The presence of active RhlR QS in these strains implies that QS is important for the regulation of certain
factors within the CF lung. This proposal uses a large collection of P. aeruginosa isolates from cystic fibrosis
patients to explore adaptations P. aeruginosa makes to preserve QS despite lasR mutation.

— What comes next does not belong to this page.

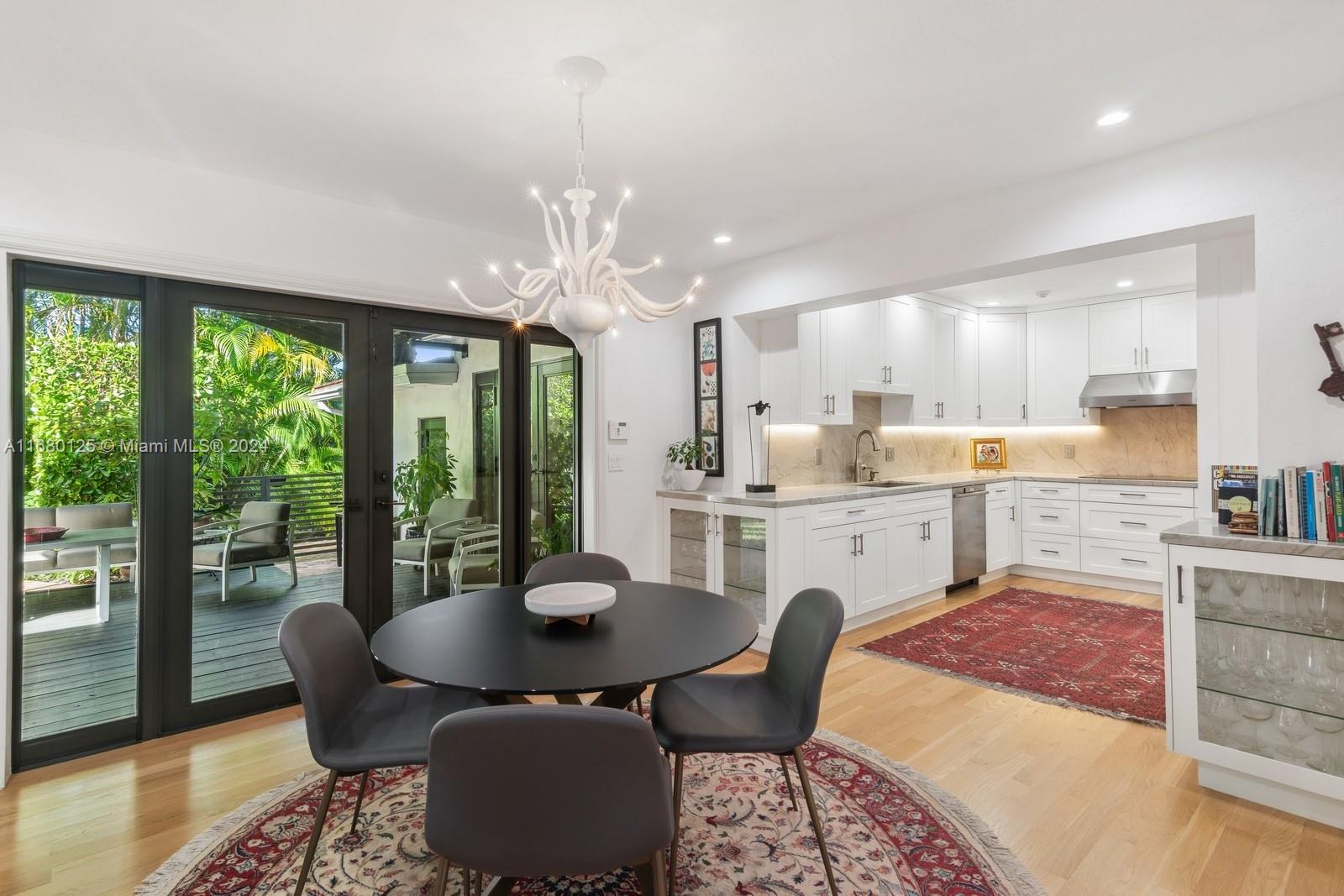 Wonderful opportunity to live in an oak canopied street and sought-after neighborhood, close to schools, shopping, transportation and an inspired lifestyle. The one-story home is nestled amidst lush, professionally designed greenery with a large brick driveway, paths and inviting front porch. The foyer opens to a wide and long gallery, just perfect to display your art or book collections. Beautiful light-filled living room with vaulted wood ceilings has glorious views of the free-form pool and lavish mature landscaping. Formal dining (or study, playroom, optional fourth bedroom). The spacious kitchen with its informal dining area leads to a covered outdoor terrace. One-car garage, impact glass and doors including garage, 30kw generator with a 500 gallon underground gas tank. Owner/agent.
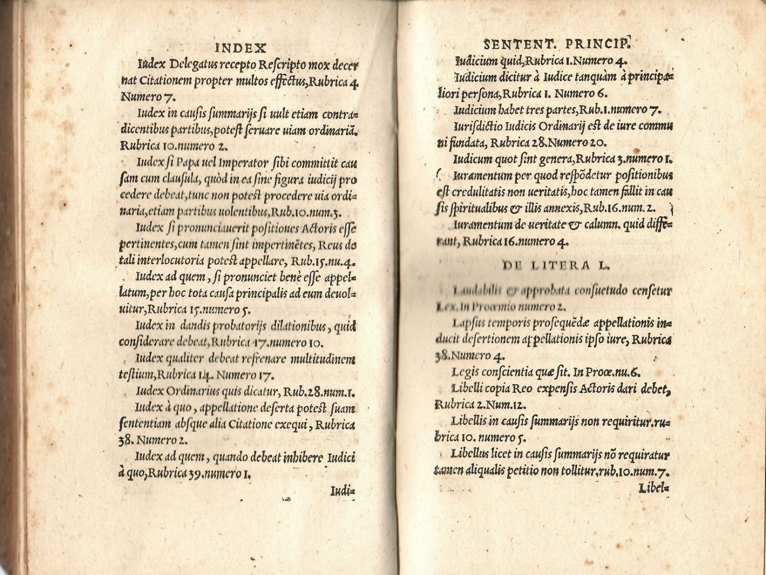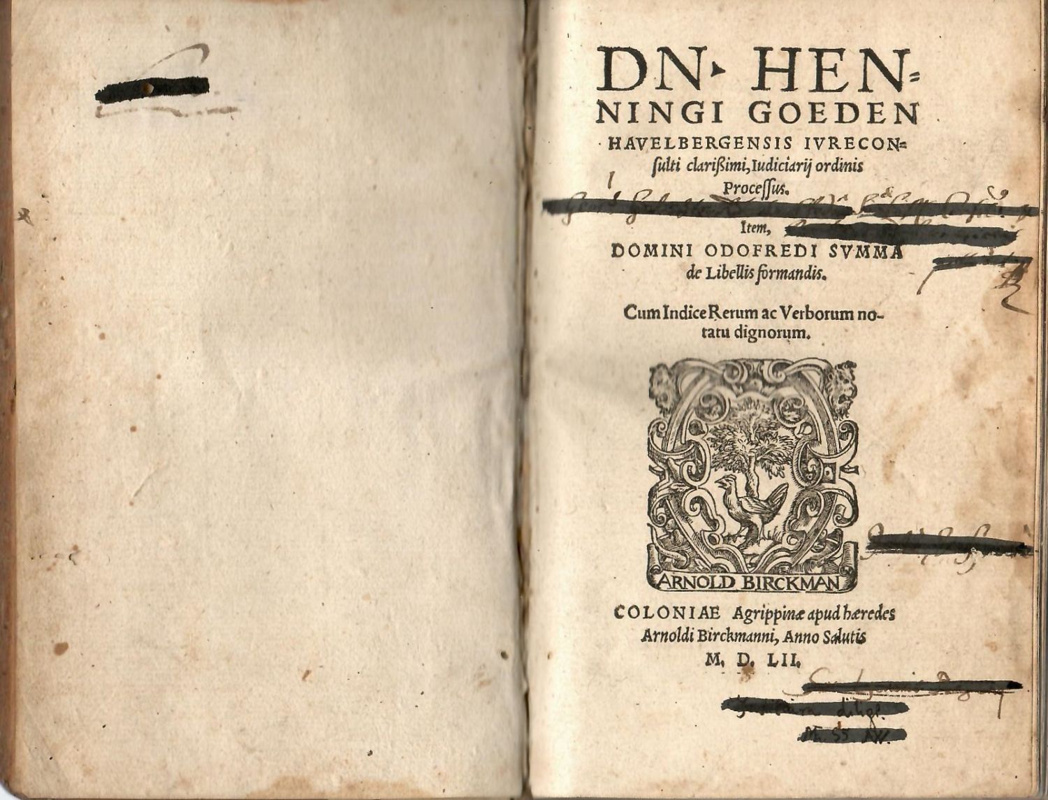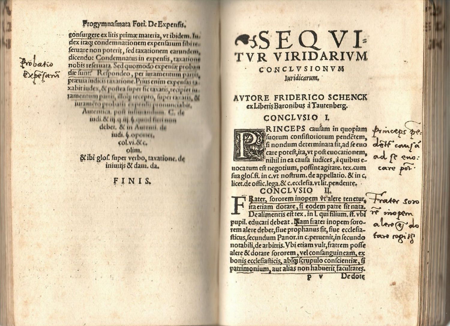 + přívazek: Schenck zu Tautenberg, Friedrich "PROGYMNASTA FORI, SEV DE IIS QVI IN IVDICIO uersantur, et de actis Ciuilium Iudiciorum LIBRI DUO. Item , VIRIDARIVM CONCLVSIOnum Iuridicarum". Köln, Arnold Birckmann, 1552, 176 nepagin. listů (rub posledního nepotištěný), na tit. listu signet nakladatele, živá záhlaví, tučně tištěné versálky ve výši 3 řádků, dvě konturové iniciály na rostlinném pozadí zalomené do výše 5 řádků. Na foliu P-5 název druhé části "SEQVITVR VIRIDARIVM CONCLVSIONVM Iuridicarum".

The experiments
described in this proposal ask: 1) what are the genes regulated by QS transcription factors and what is the
“core” QS regulon of clinical isolates; 2) what are the genetic changes that allow for LasR-independent RhlR
activation in these clinical isolates and what are the direct gene targets of RhlR?; and 3) what are the
molecular mechanisms that prevent RhlR mutants from emerging in populations of P. aeruginosa?
The answers to these questions will give a more complete picture of QS in clinical P. aeruginosa, and guide
efforts to target QS or QS-regulated genes to manage and treat bacterial populations in human disease.

## Key facts

- **NIH application ID:** 9840487
- **Project number:** 5R01GM125714-03
- **Recipient organization:** UNIVERSITY OF WASHINGTON
- **Principal Investigator:** Ajai Dandekar
- **Activity code:** R01 (R01, R21, SBIR, etc.)
- **Funding institute:** NIH
- **Fiscal year:** 2020
- **Award amount:** $311,000
- **Award type:** 5
- **Project period:** 2018-01-05 → 2022-12-31

## Primary source

NIH RePORTER: https://reporter.nih.gov/project-details/9840487

## Citation

> US National Institutes of Health, RePORTER application 9840487, Pseudomonas aeruginosa quorum sensing (5R01GM125714-03). Retrieved via AI Analytics 2026-05-21 from https://api.ai-analytics.org/grant/nih/9840487. Licensed CC0.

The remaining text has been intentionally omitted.